Fall '23 Speaker Series: Miao "Alfred" Wang

Departmental Event

Start Date: Nov 08, 2023 - 12:00pm
End Date: Nov 08, 2023 - 01:30pm

Location: Social Sciences Building - Room 2071

Please join us Wednesday, November 8th, 2023 from 12:30p-1:30p in room 2071 of the Social Science Building as we welcome PhD Candidate Miao "Alfred" Wang to discuss his dissertation work. Talk title and abstract are below. This event is free and open to the public.

If you are interested in an online broadcast of this talk, please contact Department Administrator Marliss McGarvey.

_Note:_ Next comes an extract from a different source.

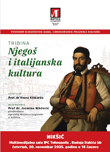 Tribina „Njegoš i italijanska kultura“ na kojoj će govoriti prof. dr Vesna Kilibarda biće održana u četvrtak, 20. novembra u 18 sati u Multimedijalnoj sali Tehnopolisa u Nikšiću (Radoja Dakića bb). Razgovor će moderirati predsjednica nikšićkog Ogranka Matice crnogorske Jasmina Nikčević.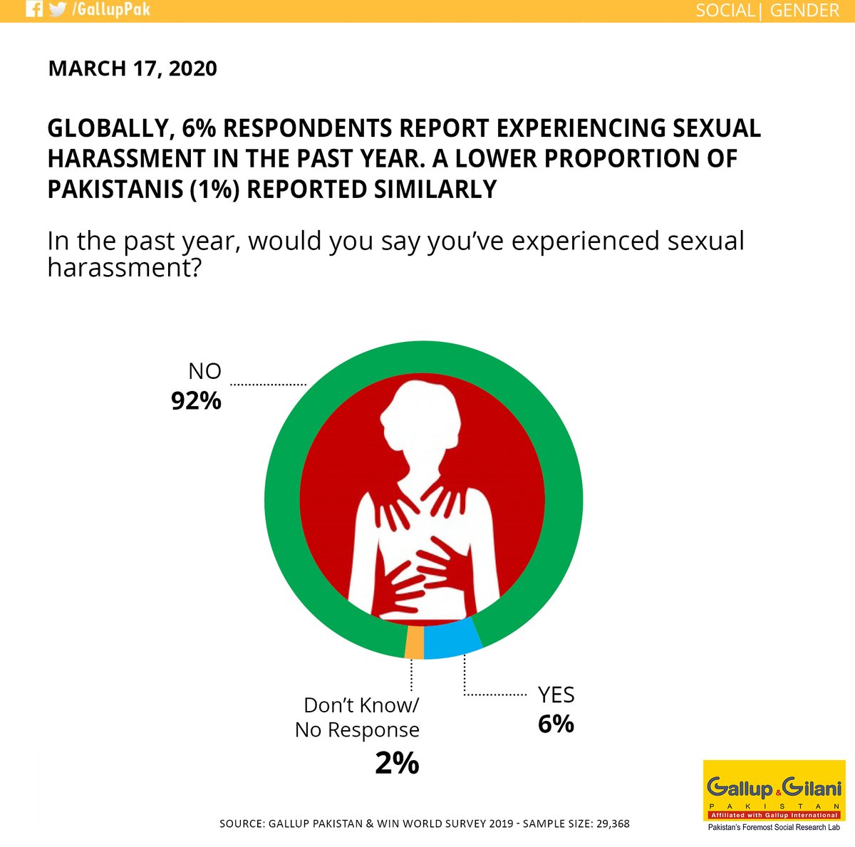 Globally, 6% respondents report experiencing #sexual#harassment in the past year. A lower proportion of #Pakistanis (1%) reported similarly (Gallup Pakistan & WIN World Survey 2019)

An event flyer can be viewed and downloaded at this link [PDF].

Title:

Presidential Unilateralism in Contemporary U.S. Trade Policymaking: An Analysis of the Section 232 Tariff Exclusion Process by the Trump Administration.

Abstract:

My doctoral dissertation explores the political factors that impact the tariff exclusion process of the Trump Administration’s punitive steel tariff. On March 1, 2018, President Trump declared a 25% tariff on certain steel imports by invoking Section 232 of the 1962 Trade Expansion Act and started a two-year Trade War (2018-2019). This tariff action was neither the first nor the largest move by the Trump Administration in the Trade War but remains a very extraordinary one due to its drastic market reaction, profound foreign policy ramifications, controversial statutory basis, and the historical, cultural, and political weights of the steel industry which the tariff aimed to protect. Despite these remarkable tariff measures and consistent trade-protectionist rhetoric, the Trump Administration was simultaneously issuing a very high percentage of exceptions to domestic companies which used the tariffed steel products. The remarkable inconsistency calls for an academic explanation. I argue that the Trump Administration took these contradictory presidential unilateral actions to achieve multiple goals at the same time: to pressure foreign trade partners and to protect vulnerable domestic industries on one hand and to avert hurting domestic users of the tariffed products on the other hand. When reviewing the tariff exclusion requests from across the country, the Trump Administration would exercise differentiation and prioritization in favor of constituencies with a higher share of the president’s supporters to maximize the utility of each tariff exclusion. Domestic electoral consideration is predicted to dominate President Trump’s most followed unilateral actions on the international trade issue.


Speaker Bio:

Alfred Wang is currently a doctoral candidate studying political science at UNM, with concentrations in American politics and comparative politics. His supervisor is Dr. Michael Rocca.